Familienalltag ohne Strafen? Das sind unsere Praxis-Tipps

Wenn du dich jetzt fragst, wie du Positive Disziplin im Alltag konkret umsetzen kannst, haben wir hier ein paar Praxis-Tipps für dich:

Freundliche, kurze Erinnerungen statt Befehle
Statt “Räum’ den Teddy auf!” versuch’ es mit einem ruhigen, freundlichen: “Aufräumen”.

Positive Aufmerksamkeit und Ermutigung
Erkenne es an, wenn dein Kind sich toll verhalten hat und zeige ihm, dass du sein vorbildliches Verhalten wertschätzt.

Keine Auszeiten
Hat dein Kind sich falsch verhalten, setze dich zu deinem Kind und spreche mit ihm.

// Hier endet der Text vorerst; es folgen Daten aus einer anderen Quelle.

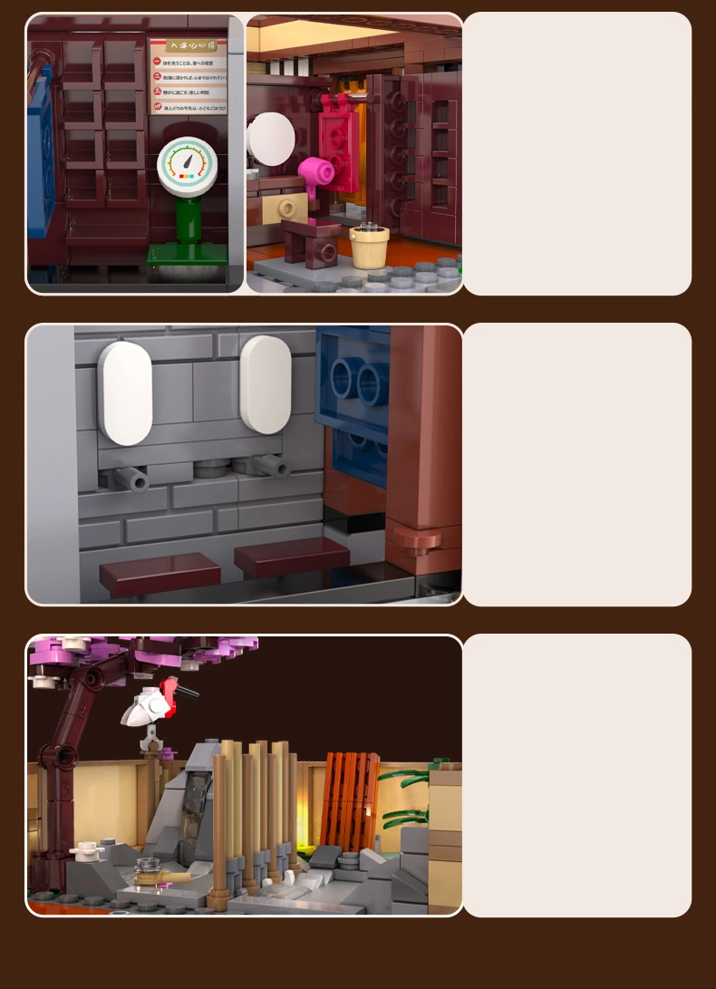 Tento propracovaný model tradiční japonské lázně Sento přináší autentickou atmosféru Dálného východu přímo do vaší sbírky. Vnější fasáda zaujme architektonickými detaily, jako je štít, sakurové květy a charakteristické prvky japonského stylu. Díky otevíratelným stěnám snadno nahlédnete dovnitř a oceníte realisticky vybavené místnosti.
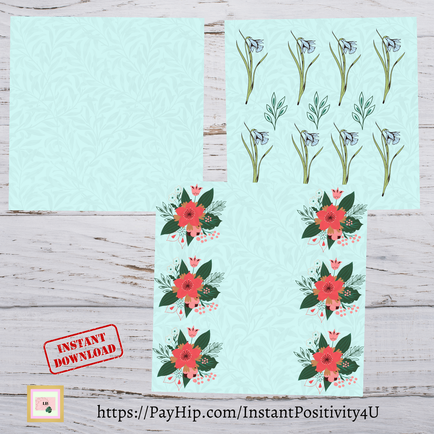 • Vintage Floral Pattern A1-3 Pdf 300dpi 12x12 Sheet
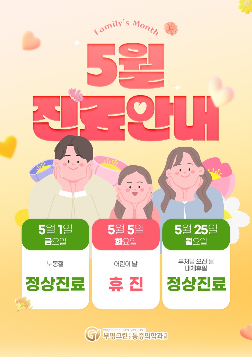 [공지사항] 5월 진료안내드립니다. 작성일 : 2026.04.21 부평그린마취통증의학과 댓글 : 0 조회 : 104 5월 진료안내드립니다. 진료일정 참고하시어 내원에 불편이 없으시길 바랍니다.
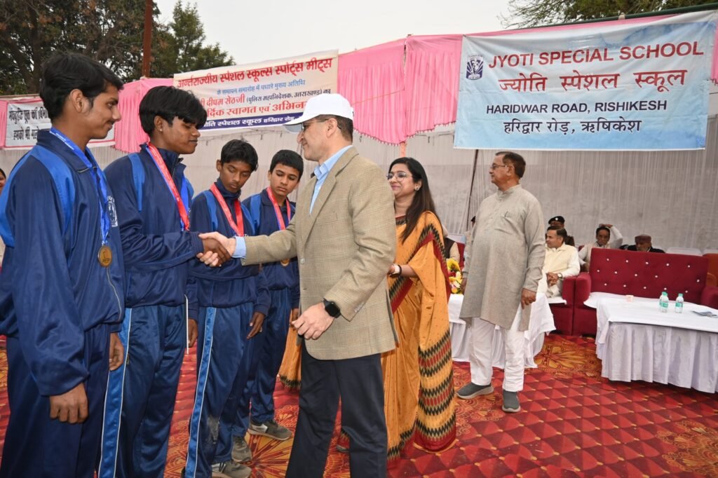 *उत्तराखंड पुलिस महानिदेशक (DGP) दीपम सेठ  ने आज स्पेशल बच्चों के प्रोत्साहन* हेतु ज्योति स्पेशल स्कूल, ऋषिकेश द्वारा आयोजित *”स्पेशल स्कूल्स स्पोर्ट्स मीट-2025″ के समापन समारोह में बतौर मुख्य अतिथि प्रतिभाग किया।* इस दो दिवसीय अंतरराज्यीय प्रतियोगिता में विभिन्न प्रदेशों के 13 विशेष विद्यालयों के बच्चों ने भाग लिया। *पुलिस महानिदेशक ने विभिन्न खेल प्रतियोगिताओं में उत्कृष्ट प्रदर्शन करने वाले बच्चों को मेडल पहनाकर व ट्रॉफी देकर सम्मानित किया।*

Wenn andere Kinder involviert sind: Seht euch vielleicht gemeinsam ein Buch an, bis das Kind zu einer Entschuldigung bereit ist, anstelle das Kind in einen anderen Raum zu schicken.
Lies dazu auch unseren Artikel: Time-Out — sinnvolle Erziehungsmethode oder grausame Strafe?

Eigene Emotionen kontrollieren
Bist du verärgert oder wütend, kann es schnell passieren, dass du dich in der Tonart vergreifst oder anders handelst, als du das mit klarem Kopf tun würdest. Kinder beobachten uns aber auch in solchen Momenten. Besinnen wir uns auf unsere Vorbildfunktion!

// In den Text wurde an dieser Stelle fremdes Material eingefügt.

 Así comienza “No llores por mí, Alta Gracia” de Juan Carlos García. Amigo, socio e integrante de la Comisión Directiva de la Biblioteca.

Fazit: Darum ist Positive Disziplin gut fürs Familienleben!

Machen wir uns folgendes bewusst: Unsere Kinder verhalten sich nicht mit Absicht schlecht”. Unsere Aufgabe ist es, nach den Gründen für das Benehmen unseres Nachwuchses zu suchen. Dann sind wir schon mitten im Prinzip der Positiven Disziplin. Im nächsten Schritt können wir versuchen, unserem Kind einen Ausweg aus der Situation vorzuschlagen, anstatt zu schimpfen oder laut zu werden. Indem wir das Kind vordergründig “wählen” lassen, was es als Nächstes tun möchte, um seinen Fehler wiedergutzumachen, vermeiden wir Machtkämpfe und lassen das Kind gleichzeitig Verantwortung für sein Verhalten spüren.

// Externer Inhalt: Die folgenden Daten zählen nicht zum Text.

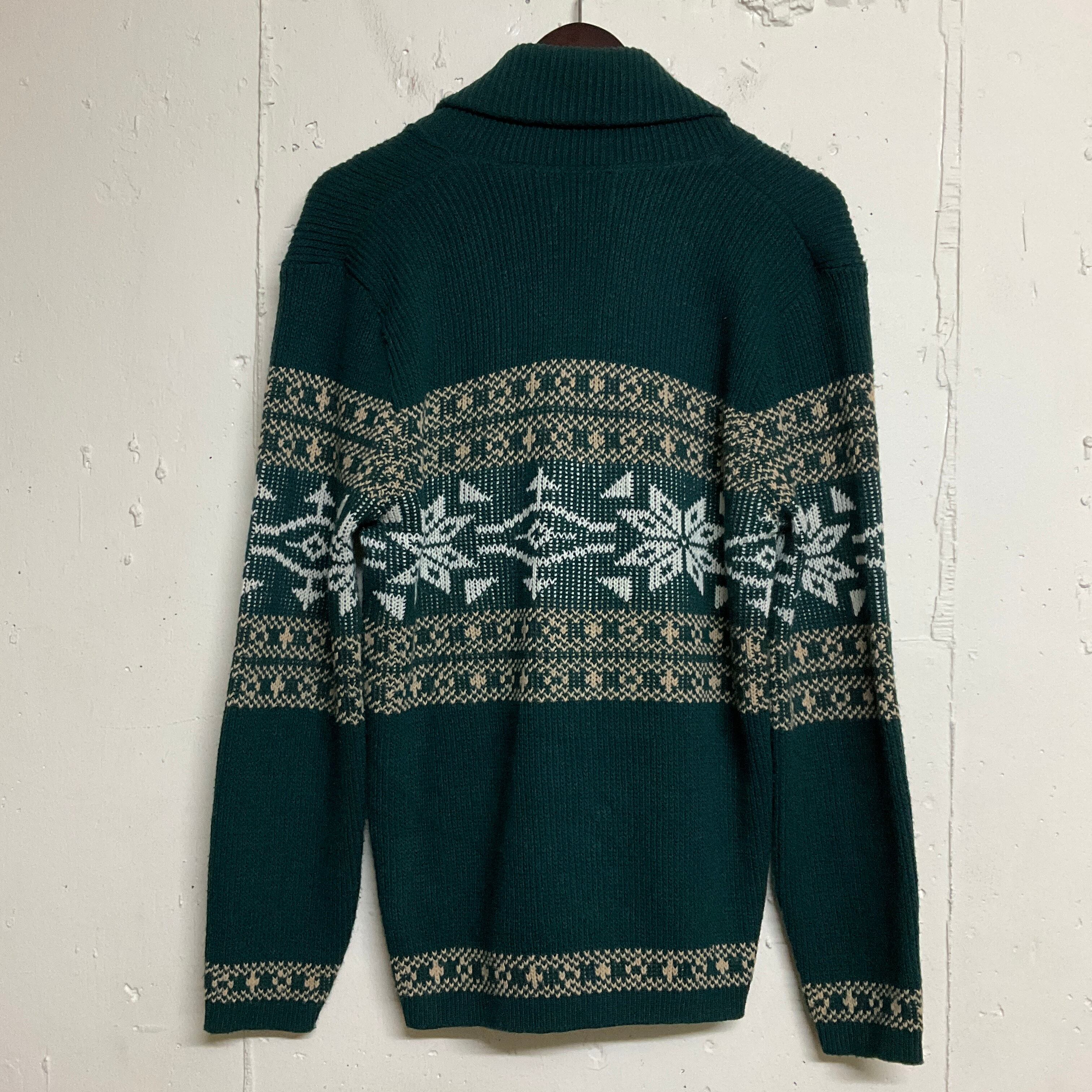USA製 80年代 80s ノルディック柄 ショールカラー ニットカーディガン 古着 ヴィンテージ ビンテージ グリーン 緑色【f231023008】

Langfristig trainieren wir auf diese Weise nicht nur empathisches Verhalten, Verantwortung und Gemeinschaftsgefühl bei unserem Kind (und uns selbst!), sondern unsere Kinder verstehen auch, dass falsches Benehmen nicht das Ende der Welt ist. Aus Fehlern sollte man lernen — lasst uns das wirklich wörtlich nehmen und Fehler als Chance nutzen unseren Kindern einen “Werkzeugkasten fürs Leben” aus Selbstkontrolle, Selbstständigkeit und Verantwortung mitzugeben!